Waters never seem to remain calm in the South China Sea. In lieu of a recent video release by the Vietnamese government blaming the Chinese Navy of unprovoked aggression, the two Asian countries have erupted in a war of words. The official video shows Chinese ships firing high power water cannons and ramming into Vietnamese fishery protection and coastal guard vessels, dispatched in the area to stop Beijing from securing an oil rig in the South China Sea. Yi Xianliang, Deputy Director General of the Foreign Ministry's department of Boundary and Ocean Affairs countered in a press release saying, “From 3 May to 7 May, in a short period of five days, Vietnam has dispatched 35 vessels of various kinds which rammed Chinese ships as many as 171 times.”

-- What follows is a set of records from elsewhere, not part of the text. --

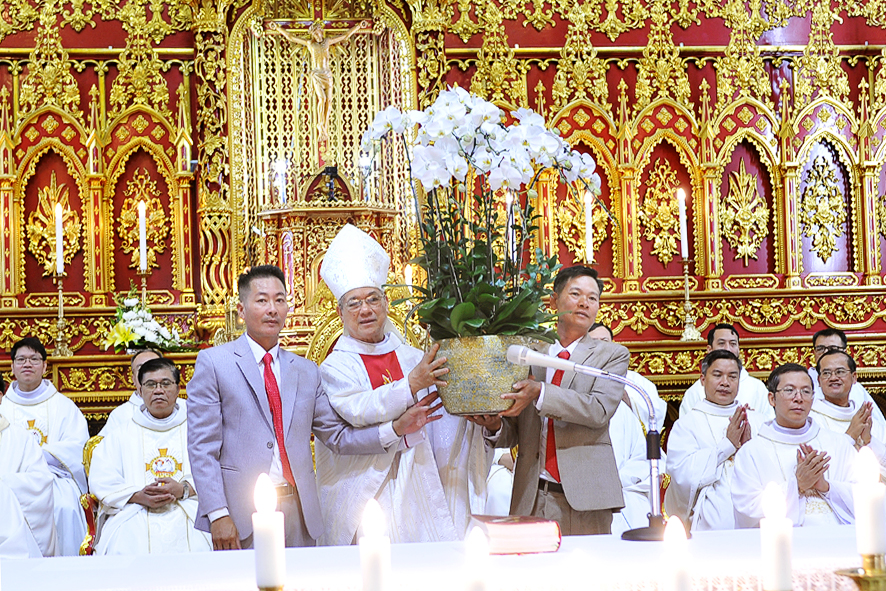 Sau khi Cha xứ đệ trình lên Đức Cha đôi nét khái quát về công trình, Đức Cha Tôma đã chủ sự nghi thức làm phép và cắt băng khánh thành ngôi thánh đường, công trình được xây dựng nên bằng biết bao mồ hôi, công sức và tấm lòng quảng đại của con dân trong cũng như ngoài giáo họ.
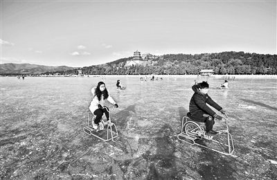 頤和園冰場的景色絕佳,冰場四周環(huán)繞著頤和園的亭臺樓閣,游客在冰面滑行的過程中,可切身感受到古人造園“步移景異”的精妙之處。冰上賞景的最佳選擇是騎行冰上自行車,冰上自行車幾乎對技術零要求,因為有金屬框架的支撐,騎行時比普通自行車還要平穩(wěn),冰上自行車可快可慢、可??烧?,游客呼吸著清冽的空氣,眼前則是高大雄偉的佛香閣與遼闊的西山群峰,盡管腳下在奮力地蹬車,在不知不覺間已融入到頤和園的山水畫卷之中。
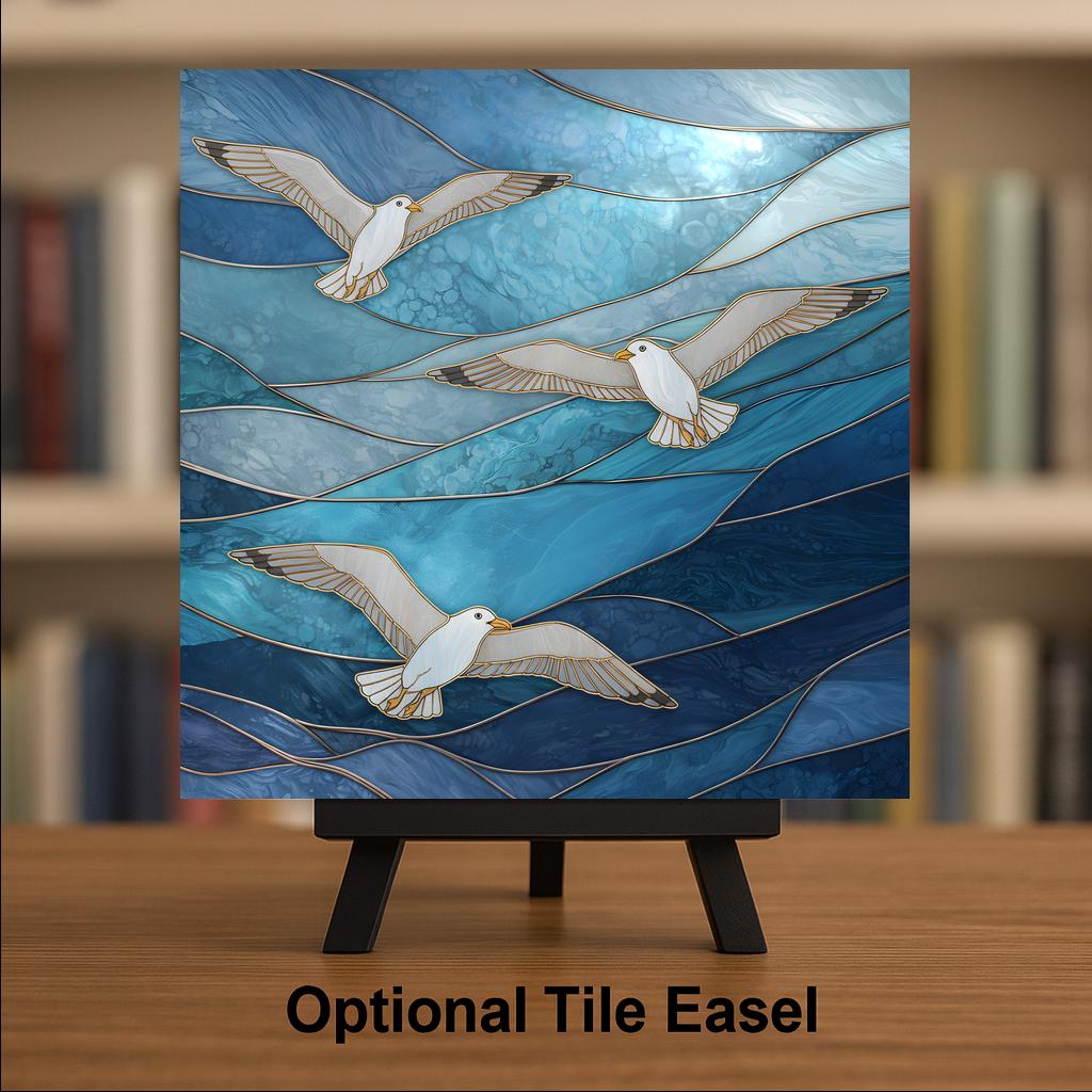 Inspired by classic coastal imagery and the movement of ocean waves, this design blends stained glass style with modern decorative composition.

On May 2 Haiyang Shiyou 981, a China National Offshore Oil Corporation owned drilling rig began operating, 17 nautical miles south of the Zhongjjan Island, part of the Xisha Island, escorted by a flotilla of ships, many of which were heavily armed. The Vietnamese coastguards hastened to the spot to stop the oil rig from establishing a “fixed position” and they have exercised “heavy restrain”, but will be forced to countermand if the provocations continue, as mentioned by Ngo Ngoc Thu, Vice-Commander of Vietnam's coastguard.
In a situation similar to 1992, China awarded exploration and drilling rights to a United States of America (USA) based energy company Crestone for the Spratly Islands – a move heavily contested by the Vietnamese government. Within two years, the constant harassment by Vietnam's Navy forced Crestone to abandon the oil rig. Such an end seems highly unlikely now, mainly because of the direct involvement of the armed Chinese flotilla. With the increasing interest of the USA in conducting naval exercises in the areaand the recent arrest of 11 Chinese fisherman convicted of capturing endangered turtle species by Philippines, temperature in the South China Sea seems to be at an all-time high. For the benefit of world peace, one can only hope for the standoff to deescalate as soon as possible.